"I walked five hundred miles and I will walk five hundred more, just to be the man who walks a thousand miles and falls down at your door."
Sachin Tendulkar, too, has walked a thousand or perhaps a million miles before coming to Mumbai for this game. The most enviable story in the history of independent India started years ago in the background of India's maiden world cup win when a 10 year old schoolboy of Shardashram Vidyamandir thought that he should play for India one day. He had to wait for six more years to realize his dream and what happened after that is the most frequently recited folklore in world cricket.
In the six years, however, a tender-aged Sachin would travel from Bandra to Shivaji Park to practice cricket. The tiny boy would occasionally go to the MIG club and the Azad Maidan to play matches. He would have to travel hard across Mumbai just as any other common man in the city. He would love to eat the Vada Paav so much so that whenever Sachin scored a hundred, his friend Vinod Kambli would gift him one. He was, and most likely still is, a huge fan of sea food, particularly the Bombay Duck - a type of fish endemic to the city of Mumbai. Although Tendulkar started touring the world with team India at the tender age of sixteen, his connection to the city of Mumbai is undeniable. This is where he grew up. His food habits, his first lesson of cricket, his school, his coach, his family and friends, his house, his childhood, his faint memories of being a nobody all converge at the city of Mumbai.

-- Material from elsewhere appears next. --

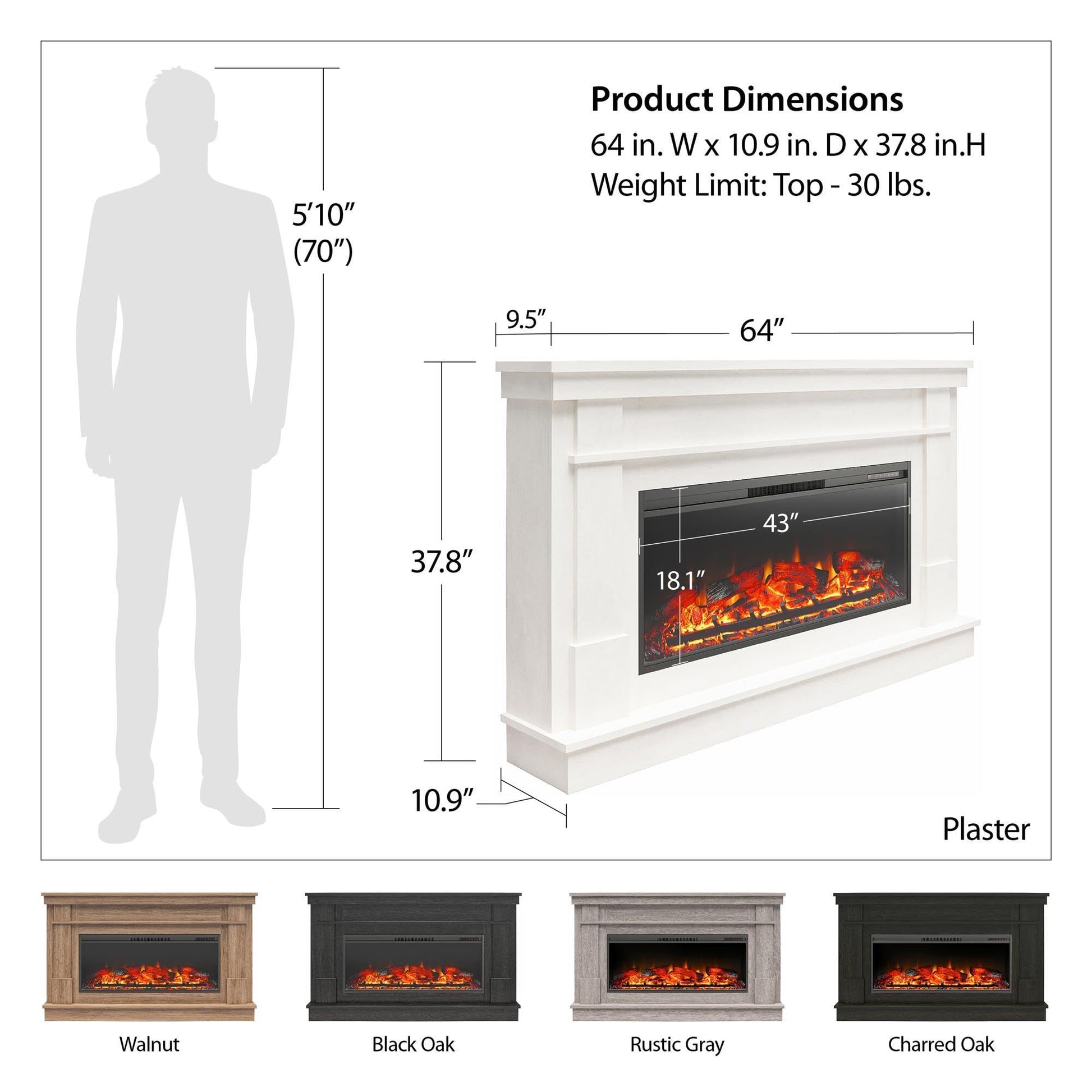 Details: Easily give your home a cozy and welcoming upgrade with the Ameriwood Home Elmcroft Wide Mantel with Linear Electric Fireplace. Perfect for the modern farmhouse or contemporary craftsman, the Elmcroft features a wide linear insert with realistic logs and grate. The wide mantel offers plentiful space for décor and family photos. Constructed from laminated MDF and particleboard, the Elmcroft comes in several beautiful neutral finishes to match any décor. Control the Fireplace flame setting with the included remote control or by the touch panel and choose to enjoy your Fireplace with or without the heat setting while still allowing the flames to give off their calming feel. This fireplace insert is powerful enough to heat up a room up to 400 square feet and features adjustable temperature control to keep your room at the perfect temperature. The Mantel with Linear Electric Fireplace ships flat to your door and requires assembly. Two adults are recommended to assemble and move. Once assembled, the unit measures to be 37.76' H x 64' W x 10.9' D.

It may be a play of fate, a diligently scripted classic, that has put the great Sachin Tendulkar before his home crowd, in his home city, to win the only glory in world cricket that has eluded him not once but five times. The story is similar to a warrior's who, after conquering the whole world, comes back home to fight the last battle of his life. Sachin Tendulkar's 100th hundred today might be the greatest subscript ever written. Truth is stranger than fiction and this could be the best chance for fate to take its powerplay and play the best it could.
You do not win the cup for an individual and win it for the team, and Sachin Tendulkar, by every stretch of imagination, is a player deserving to be a part of a world cup winning squad. Would it be the perfect climax to the greatest tale cricket has ever told the world, or will it be a morbid anti-climax that will reside painfully in the minds of many? About nine more hours separate us from finding the answer to this conundrum and we shall all be eagerly waiting for it to turn out our way.
Whatever happens today will not make me rate Sachin Tendulkar any lesser than what I do now. He is the only thing on the planet that has constantly challenged my atheism. After all, he is the greatest there was, there is, and there will ever be.